WORK INSTRUCTIONS: Could you write out the lines below exactly, beginning with the first and finishing with the one that contains "Ideal as a protective"?

(DATA FOR THIS TASK Opens)

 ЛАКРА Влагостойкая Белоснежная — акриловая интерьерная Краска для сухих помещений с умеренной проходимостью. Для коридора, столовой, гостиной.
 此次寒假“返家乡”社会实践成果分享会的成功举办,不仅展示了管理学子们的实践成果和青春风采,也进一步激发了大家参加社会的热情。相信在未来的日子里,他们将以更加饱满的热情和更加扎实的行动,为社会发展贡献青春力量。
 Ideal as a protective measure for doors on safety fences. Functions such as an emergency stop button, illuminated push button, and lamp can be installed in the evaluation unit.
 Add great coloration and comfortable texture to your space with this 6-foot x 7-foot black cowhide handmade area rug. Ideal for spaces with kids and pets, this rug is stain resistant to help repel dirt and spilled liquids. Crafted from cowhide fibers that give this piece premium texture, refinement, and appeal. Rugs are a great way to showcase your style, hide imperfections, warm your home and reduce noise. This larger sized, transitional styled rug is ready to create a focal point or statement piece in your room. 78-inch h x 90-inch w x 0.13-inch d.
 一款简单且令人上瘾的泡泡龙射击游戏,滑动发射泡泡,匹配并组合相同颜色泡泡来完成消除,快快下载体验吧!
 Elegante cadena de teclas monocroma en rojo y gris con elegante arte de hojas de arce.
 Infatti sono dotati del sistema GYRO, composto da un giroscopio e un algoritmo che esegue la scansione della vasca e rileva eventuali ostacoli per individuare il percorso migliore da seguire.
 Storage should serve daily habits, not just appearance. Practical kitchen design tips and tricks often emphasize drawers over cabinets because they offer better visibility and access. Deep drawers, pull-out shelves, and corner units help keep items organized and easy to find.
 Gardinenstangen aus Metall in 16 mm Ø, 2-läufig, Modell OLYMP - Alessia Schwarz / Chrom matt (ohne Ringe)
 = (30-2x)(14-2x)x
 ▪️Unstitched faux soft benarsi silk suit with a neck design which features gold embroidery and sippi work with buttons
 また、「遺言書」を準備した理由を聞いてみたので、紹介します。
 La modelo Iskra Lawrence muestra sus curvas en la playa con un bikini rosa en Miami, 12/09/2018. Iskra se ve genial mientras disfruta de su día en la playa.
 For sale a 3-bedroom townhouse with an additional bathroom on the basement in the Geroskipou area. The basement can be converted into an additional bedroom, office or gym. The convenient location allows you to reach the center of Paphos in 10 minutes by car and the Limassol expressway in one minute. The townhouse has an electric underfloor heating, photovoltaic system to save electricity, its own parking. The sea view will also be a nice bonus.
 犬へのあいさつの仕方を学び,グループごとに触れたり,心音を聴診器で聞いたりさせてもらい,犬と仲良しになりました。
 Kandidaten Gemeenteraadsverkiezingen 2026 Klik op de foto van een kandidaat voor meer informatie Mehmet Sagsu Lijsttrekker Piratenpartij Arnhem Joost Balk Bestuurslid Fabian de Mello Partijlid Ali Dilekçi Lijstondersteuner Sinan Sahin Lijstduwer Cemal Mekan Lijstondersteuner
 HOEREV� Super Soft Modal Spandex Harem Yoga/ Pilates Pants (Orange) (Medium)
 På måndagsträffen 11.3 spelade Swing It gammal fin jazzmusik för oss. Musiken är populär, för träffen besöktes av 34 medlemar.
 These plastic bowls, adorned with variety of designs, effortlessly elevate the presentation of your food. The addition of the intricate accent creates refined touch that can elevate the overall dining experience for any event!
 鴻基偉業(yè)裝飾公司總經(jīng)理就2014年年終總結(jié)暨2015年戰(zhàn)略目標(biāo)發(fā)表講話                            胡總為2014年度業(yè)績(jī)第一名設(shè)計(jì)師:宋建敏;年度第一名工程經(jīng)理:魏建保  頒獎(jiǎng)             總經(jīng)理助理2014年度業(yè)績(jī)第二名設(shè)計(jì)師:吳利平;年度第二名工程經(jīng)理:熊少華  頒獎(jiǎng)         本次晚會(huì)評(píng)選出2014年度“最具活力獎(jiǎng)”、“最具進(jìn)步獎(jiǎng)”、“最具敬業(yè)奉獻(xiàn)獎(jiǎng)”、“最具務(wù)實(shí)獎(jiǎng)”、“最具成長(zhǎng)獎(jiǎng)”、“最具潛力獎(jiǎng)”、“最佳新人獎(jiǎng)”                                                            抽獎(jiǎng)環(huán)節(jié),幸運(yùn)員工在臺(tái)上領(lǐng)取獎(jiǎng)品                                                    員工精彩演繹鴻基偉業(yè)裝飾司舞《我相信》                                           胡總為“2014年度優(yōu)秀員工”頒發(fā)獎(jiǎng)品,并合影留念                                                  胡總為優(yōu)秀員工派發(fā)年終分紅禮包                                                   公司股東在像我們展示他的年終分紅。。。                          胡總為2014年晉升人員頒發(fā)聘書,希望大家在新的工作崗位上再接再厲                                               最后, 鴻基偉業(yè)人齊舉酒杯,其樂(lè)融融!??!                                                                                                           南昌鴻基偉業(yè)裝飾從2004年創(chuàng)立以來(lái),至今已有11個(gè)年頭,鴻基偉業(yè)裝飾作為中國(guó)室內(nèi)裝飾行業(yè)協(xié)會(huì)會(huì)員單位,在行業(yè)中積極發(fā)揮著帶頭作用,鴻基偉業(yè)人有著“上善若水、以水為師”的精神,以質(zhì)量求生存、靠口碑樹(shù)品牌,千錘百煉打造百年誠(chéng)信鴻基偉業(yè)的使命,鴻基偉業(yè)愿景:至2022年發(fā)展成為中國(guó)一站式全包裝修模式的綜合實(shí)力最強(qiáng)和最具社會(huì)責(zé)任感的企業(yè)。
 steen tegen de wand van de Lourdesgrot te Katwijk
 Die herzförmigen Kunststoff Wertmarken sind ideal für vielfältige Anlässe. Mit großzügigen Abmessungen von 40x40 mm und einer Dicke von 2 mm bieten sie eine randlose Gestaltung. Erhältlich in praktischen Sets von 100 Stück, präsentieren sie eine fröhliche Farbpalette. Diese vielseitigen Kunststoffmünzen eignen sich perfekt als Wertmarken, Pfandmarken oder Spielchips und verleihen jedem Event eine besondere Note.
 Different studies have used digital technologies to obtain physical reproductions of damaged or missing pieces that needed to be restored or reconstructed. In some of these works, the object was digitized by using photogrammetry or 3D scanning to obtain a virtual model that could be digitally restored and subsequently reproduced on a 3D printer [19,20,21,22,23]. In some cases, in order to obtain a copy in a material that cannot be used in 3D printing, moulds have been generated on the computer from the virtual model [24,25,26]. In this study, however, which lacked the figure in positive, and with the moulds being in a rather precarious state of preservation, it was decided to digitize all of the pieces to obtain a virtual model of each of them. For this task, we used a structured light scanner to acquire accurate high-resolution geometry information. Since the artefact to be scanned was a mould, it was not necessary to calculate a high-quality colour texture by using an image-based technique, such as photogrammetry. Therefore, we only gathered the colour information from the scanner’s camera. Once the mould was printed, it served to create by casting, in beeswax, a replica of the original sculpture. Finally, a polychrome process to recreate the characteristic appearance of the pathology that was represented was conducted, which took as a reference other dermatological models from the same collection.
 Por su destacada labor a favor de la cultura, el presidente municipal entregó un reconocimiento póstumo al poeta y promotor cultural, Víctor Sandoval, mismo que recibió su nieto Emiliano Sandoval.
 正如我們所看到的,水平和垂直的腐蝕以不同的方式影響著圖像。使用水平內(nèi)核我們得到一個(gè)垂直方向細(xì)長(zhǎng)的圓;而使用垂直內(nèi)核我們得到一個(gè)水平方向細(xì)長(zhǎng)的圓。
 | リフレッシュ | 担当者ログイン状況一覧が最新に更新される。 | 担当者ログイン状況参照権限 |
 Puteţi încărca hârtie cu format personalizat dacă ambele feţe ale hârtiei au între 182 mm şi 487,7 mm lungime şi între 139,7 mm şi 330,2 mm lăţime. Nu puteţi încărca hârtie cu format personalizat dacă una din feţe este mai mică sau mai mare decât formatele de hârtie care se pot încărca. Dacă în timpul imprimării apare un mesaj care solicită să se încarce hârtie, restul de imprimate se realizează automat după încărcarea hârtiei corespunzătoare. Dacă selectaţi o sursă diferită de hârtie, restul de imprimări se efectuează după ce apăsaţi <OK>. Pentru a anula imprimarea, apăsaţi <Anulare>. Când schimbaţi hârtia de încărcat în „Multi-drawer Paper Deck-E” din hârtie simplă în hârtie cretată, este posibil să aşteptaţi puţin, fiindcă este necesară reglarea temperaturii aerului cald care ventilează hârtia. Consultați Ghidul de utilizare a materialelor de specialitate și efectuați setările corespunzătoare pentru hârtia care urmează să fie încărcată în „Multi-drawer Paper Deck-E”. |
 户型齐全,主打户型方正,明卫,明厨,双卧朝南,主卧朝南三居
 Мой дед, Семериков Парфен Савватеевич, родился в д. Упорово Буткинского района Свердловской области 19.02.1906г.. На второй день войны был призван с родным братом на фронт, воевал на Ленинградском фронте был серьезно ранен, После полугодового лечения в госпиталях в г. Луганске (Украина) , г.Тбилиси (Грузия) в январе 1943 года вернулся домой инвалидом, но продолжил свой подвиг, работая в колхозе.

(DATA FOR THIS TASK Closes)

RESPONSE TO THE EXERCISE:
 ЛАКРА Влагостойкая Белоснежная — акриловая интерьерная Краска для сухих помещений с умеренной проходимостью. Для коридора, столовой, гостиной.
 此次寒假“返家乡”社会实践成果分享会的成功举办,不仅展示了管理学子们的实践成果和青春风采,也进一步激发了大家参加社会的热情。相信在未来的日子里,他们将以更加饱满的热情和更加扎实的行动,为社会发展贡献青春力量。
 Ideal as a protective measure for doors on safety fences. Functions such as an emergency stop button, illuminated push button, and lamp can be installed in the evaluation unit.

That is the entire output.